The full listing, exactly as written and with no images, is the expected output.
*** Supplied material ***
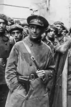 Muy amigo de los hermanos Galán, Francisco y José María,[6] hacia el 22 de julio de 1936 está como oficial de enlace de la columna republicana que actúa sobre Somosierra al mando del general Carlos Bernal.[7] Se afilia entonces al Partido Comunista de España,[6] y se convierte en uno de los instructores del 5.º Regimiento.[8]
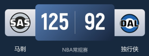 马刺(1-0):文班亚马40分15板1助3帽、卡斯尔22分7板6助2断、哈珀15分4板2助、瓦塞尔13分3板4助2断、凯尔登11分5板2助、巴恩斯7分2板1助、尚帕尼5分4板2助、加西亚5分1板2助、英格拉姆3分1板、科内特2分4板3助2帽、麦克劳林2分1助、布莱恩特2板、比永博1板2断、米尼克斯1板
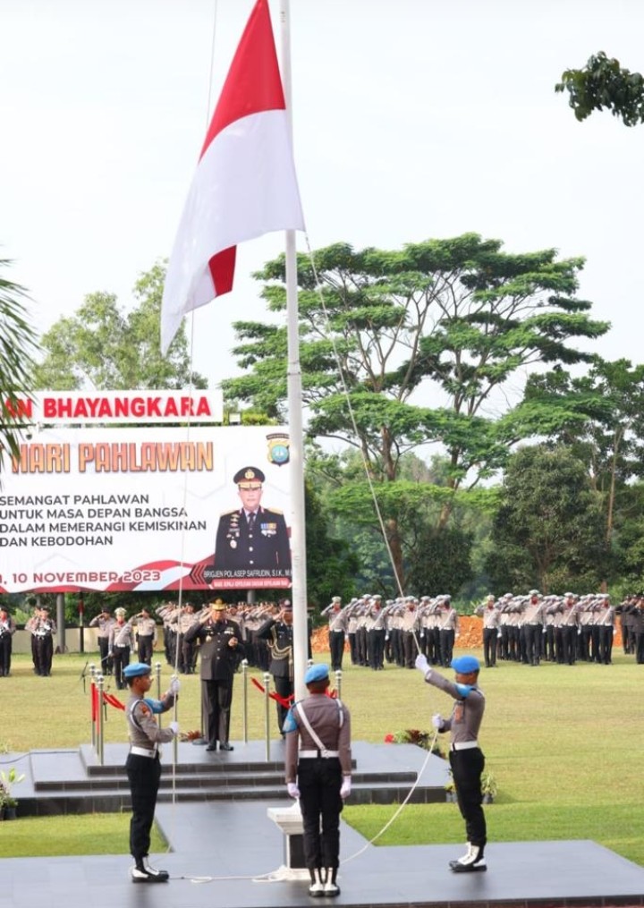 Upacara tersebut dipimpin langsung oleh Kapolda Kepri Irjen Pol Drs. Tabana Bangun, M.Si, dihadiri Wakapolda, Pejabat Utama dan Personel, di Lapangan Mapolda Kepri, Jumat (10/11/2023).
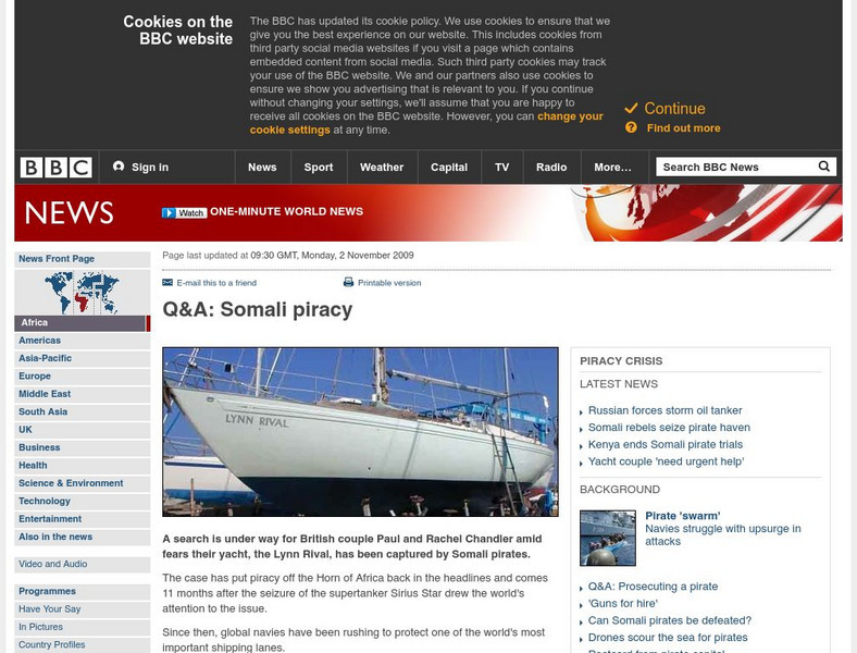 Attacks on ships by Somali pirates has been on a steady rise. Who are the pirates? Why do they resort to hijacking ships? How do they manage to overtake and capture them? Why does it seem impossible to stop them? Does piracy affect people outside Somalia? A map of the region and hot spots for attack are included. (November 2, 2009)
*** End of Supplied material ***
▶ [Response]
 Muy amigo de los hermanos Galán, Francisco y José María,[6] hacia el 22 de julio de 1936 está como oficial de enlace de la columna republicana que actúa sobre Somosierra al mando del general Carlos Bernal.[7] Se afilia entonces al Partido Comunista de España,[6] y se convierte en uno de los instructores del 5.º Regimiento.[8]
 马刺(1-0):文班亚马40分15板1助3帽、卡斯尔22分7板6助2断、哈珀15分4板2助、瓦塞尔13分3板4助2断、凯尔登11分5板2助、巴恩斯7分2板1助、尚帕尼5分4板2助、加西亚5分1板2助、英格拉姆3分1板、科内特2分4板3助2帽、麦克劳林2分1助、布莱恩特2板、比永博1板2断、米尼克斯1板
 Upacara tersebut dipimpin langsung oleh Kapolda Kepri Irjen Pol Drs. Tabana Bangun, M.Si, dihadiri Wakapolda, Pejabat Utama dan Personel, di Lapangan Mapolda Kepri, Jumat (10/11/2023).
 Attacks on ships by Somali pirates has been on a steady rise. Who are the pirates? Why do they resort to hijacking ships? How do they manage to overtake and capture them? Why does it seem impossible to stop them? Does piracy affect people outside Somalia? A map of the region and hot spots for attack are included. (November 2, 2009)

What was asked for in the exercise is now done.